Risk based quality management (RBQM) in clinical trials centers on detecting, addressing, preventing, and mitigating risks and threats that could undermine patient safety, trial processes, and data integrity. The overall goal in this quality by design (QbD) approach is not to eliminate all errors, but instead to focus on reducing errors that matter and would otherwise threaten trial outcomes or patient safety. RBQM is a cross-functional framework enhanced by proactive risk monitoring and mitigation to ensure patient safety and overall data quality. Despite the fact that central monitoring can significantly help with overall data quality, adoption by industry is still sporadic and slow (Fig. 1).

RBQM landscape survey results for ongoing studies 2019–2022

The Association of Clinical Research Organizations (ACRO) is a trade association of global clinical research organizations (CROs) and technology companies. ACRO’s mission is to collaborate with regulators, policymakers, and other industry stakeholders, and help inform policy that fosters efficient, effective, and safe conduct of clinical research. We previously reported results in 2021’s Risk-Based Monitoring in Clinical Trials: Past, Present, and Future [1] and 2023’s Risk-Based Monitoring in Clinical Trials: 2021 Update, which includes all studies, all phases, and a wide range of indications and trial sizes. [2] The 2022 landscape survey has shown an overall, if uneven, rise in trials reporting at least one RBQM component.
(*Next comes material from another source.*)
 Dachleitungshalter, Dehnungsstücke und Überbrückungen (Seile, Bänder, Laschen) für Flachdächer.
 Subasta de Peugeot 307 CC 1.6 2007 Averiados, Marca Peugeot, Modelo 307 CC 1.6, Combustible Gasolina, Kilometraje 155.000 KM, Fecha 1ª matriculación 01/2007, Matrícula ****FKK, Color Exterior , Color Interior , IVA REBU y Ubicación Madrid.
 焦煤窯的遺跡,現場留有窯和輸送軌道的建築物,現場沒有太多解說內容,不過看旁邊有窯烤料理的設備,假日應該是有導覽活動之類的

Our 2019 landscape survey of 6513 ongoing studies that year found just under half contained at least a single RBQM component; in our 2022 report on 4958 ongoing studies, more than three quarters contained at least a single RBQM component. The RBQM component definitions remained the same each survey year, in order to look at adoption trends over time. (See Table 1). Over the four years covered by our reports, an upward trend in all components was observed (See Fig. 1).
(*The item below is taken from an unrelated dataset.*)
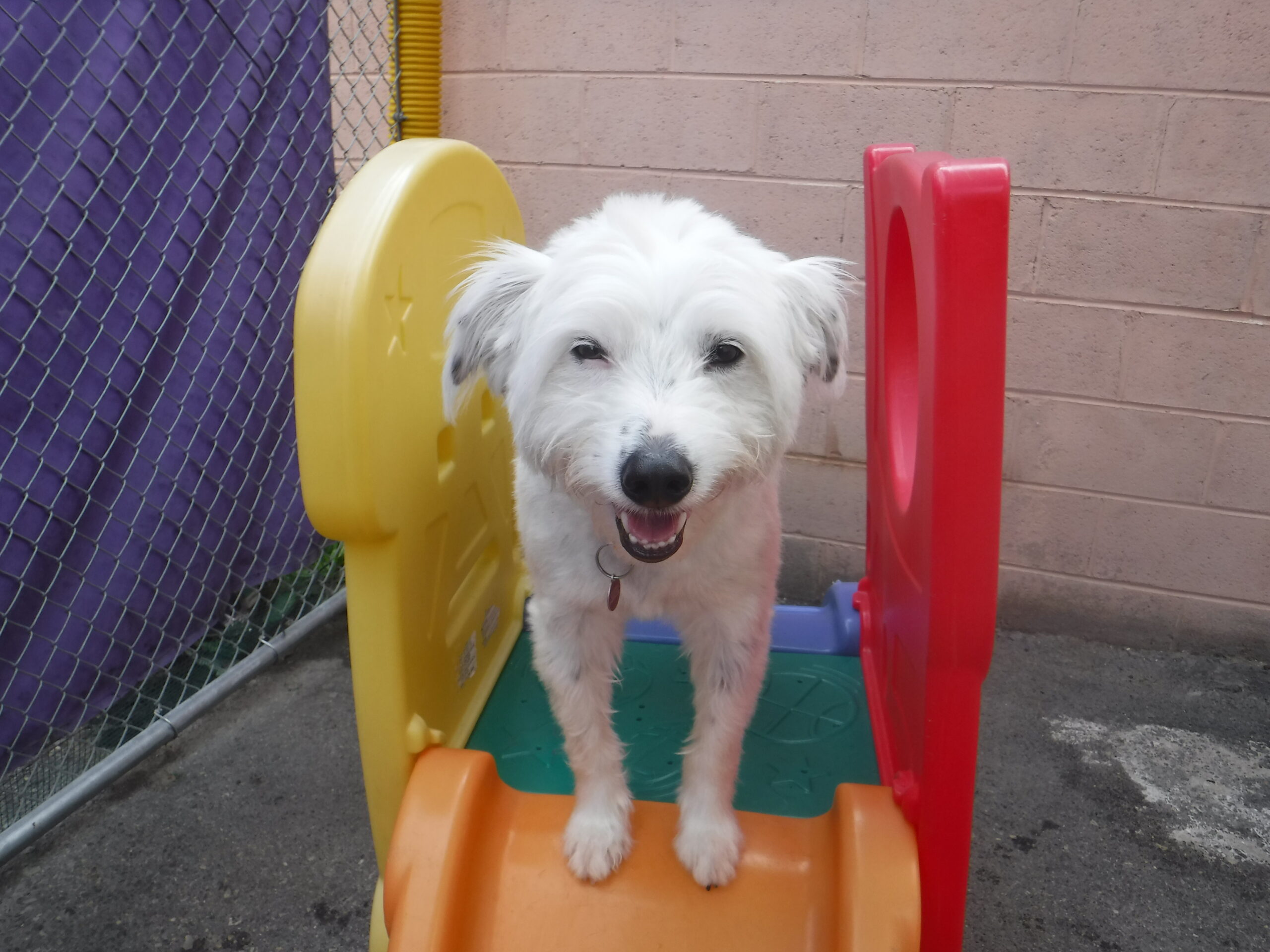 Amba is the sweetest 4-year-old Jack Russell Terrier Mix!! Amba loves everyone humans and dogs she either wants to snuggle or play with her buds. Something unique about Amba is that during Winter she is this big white fluff ball with a few black spots but come Summer and she gets her fresh cut these black spots are all over. If Amba isn’t out back sun bathing as usual that means she took some time to kick back with Rain, Jack. S or anyone that was down to play. We love having Amba join us for daycare she always brightens up the day with her little smile she is just so happy to be here with us.

There are some important call outs to note in the data. The survey in 2022 found 65% of new study starts which have adopted centralized monitoring also reported reducing both SDR and SDV (Fig. 2). Interestingly, between 8 and 18% of new study starts reduced SDR and/or SDV without implementing centralized monitoring. This was common practice beginning around 2005 when risk-based monitoring was first gaining traction and companies were sampling subjects, subject visits or data points and the data visualization tools and technologies which support centralized monitoring were unavailable, immature and/or unproven in their value and return on investment. However, centralized monitoring was introduced in FDA’s 2013 guidance, Oversight of clinical investigations—a risk-based approach to monitoring to supplement and/or reduce the extent or frequency of onsite monitoring. The industry best practice among CROs and many sponsors has been to supplement any reductions in SDR and SDV with centralized monitoring to increase confidence in patient safety oversight and data integrity.
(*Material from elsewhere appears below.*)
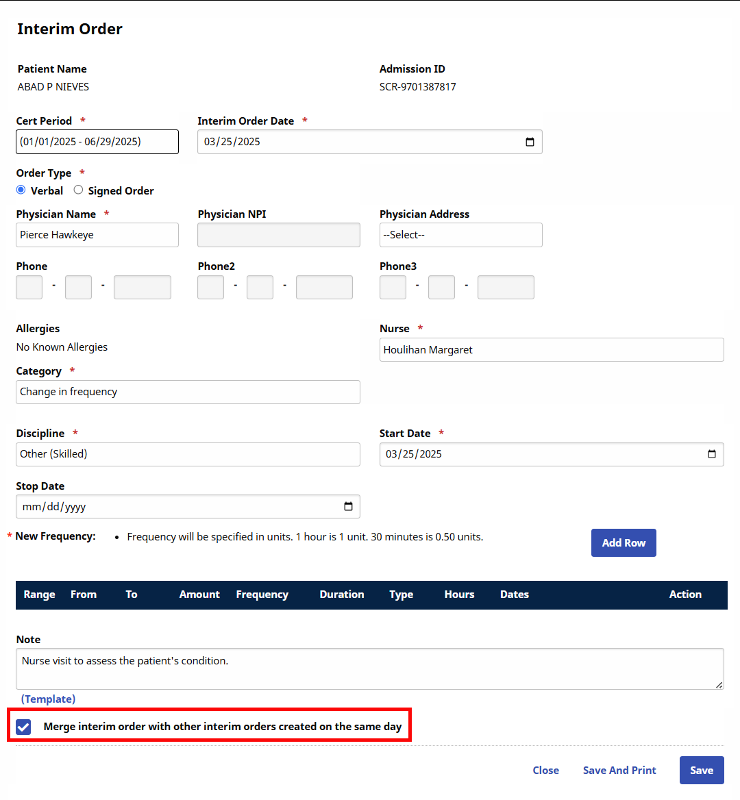 If multiple Interim Orders are applied to a single Certification Period, select the Merge Interim Order… checkbox at the bottom of the page.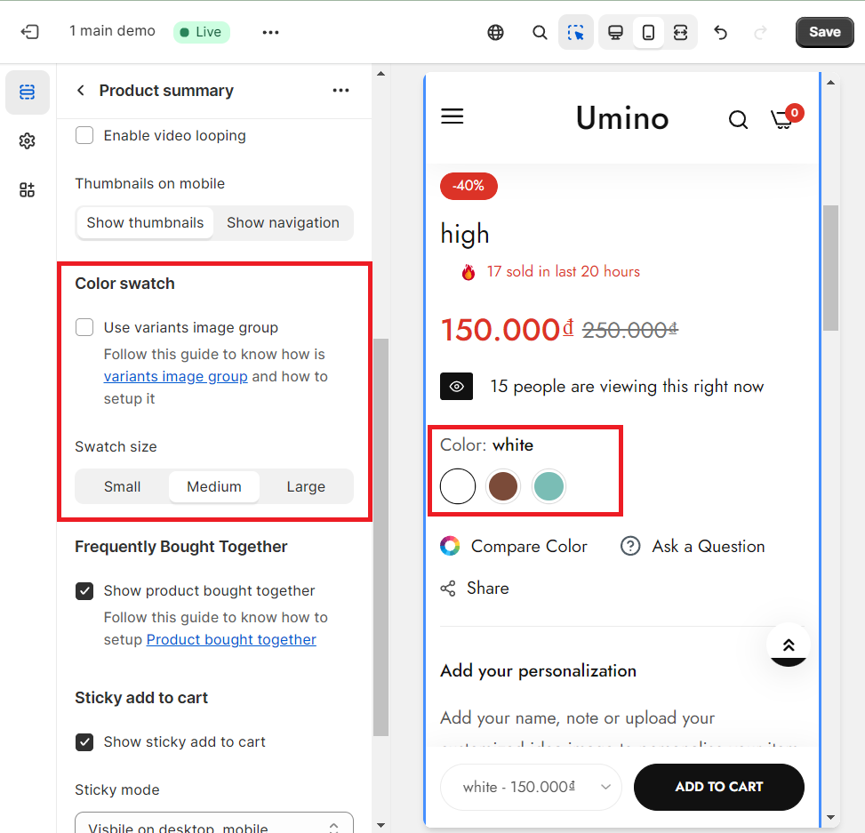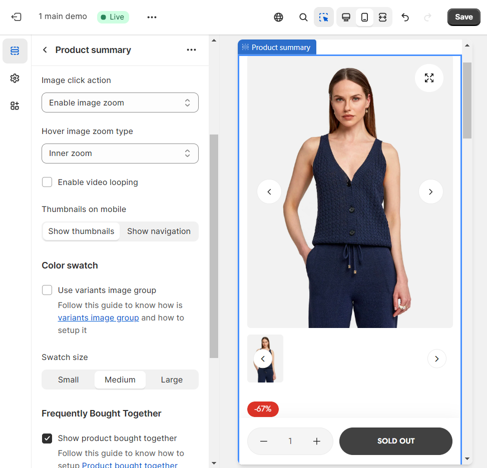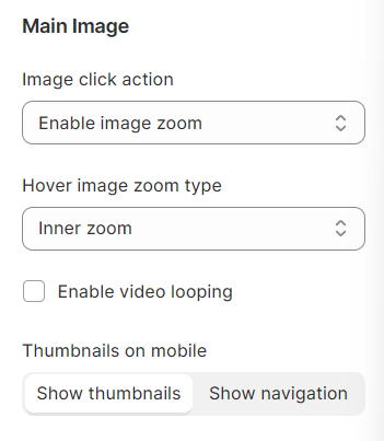 Enable video looping: Tick on this checkbox to enable video looping (when your product media has a video).

RBQM landscape survey results for new study starts 2019–2022

To quote the guidance, “a recent review of on-site monitoring findings collected during a multi-center international trial also suggests that centralized monitoring can identify the great majority of on-site monitoring findings. The review determined that centralized monitoring activities could have identified more than 90% of the findings identified during on-site monitoring visits” [3].

In early implementation of reductions in SDR and SDV, it was common for SDV to be reduced slightly (i.e., 70% of data undergoing transcription checks) but SDR to still occur at or near 100%. As centralized monitoring processes, tools and technologies have become more sophisticated and efficient in their ability to aggregate data across data sources and improve identification of issues and to monitor for data outliers, anomalies and trends, the reductions in SDR and SDV have continued to increase. Today, it is common to see sampling of patients or patient visits for SDR and not uncommon for some patients or patient visits to undergo very little or no SDV. It is virtually undisputed that centralized monitoring provides capabilities that are more timely, accurate, reliable, valuable and efficient than traditional onsite monitoring activities like SDR and SDV. It is important to note that onsite monitoring, including sampling of SDR/SDV is still recommended in most studies, but we continue to see steady reductions.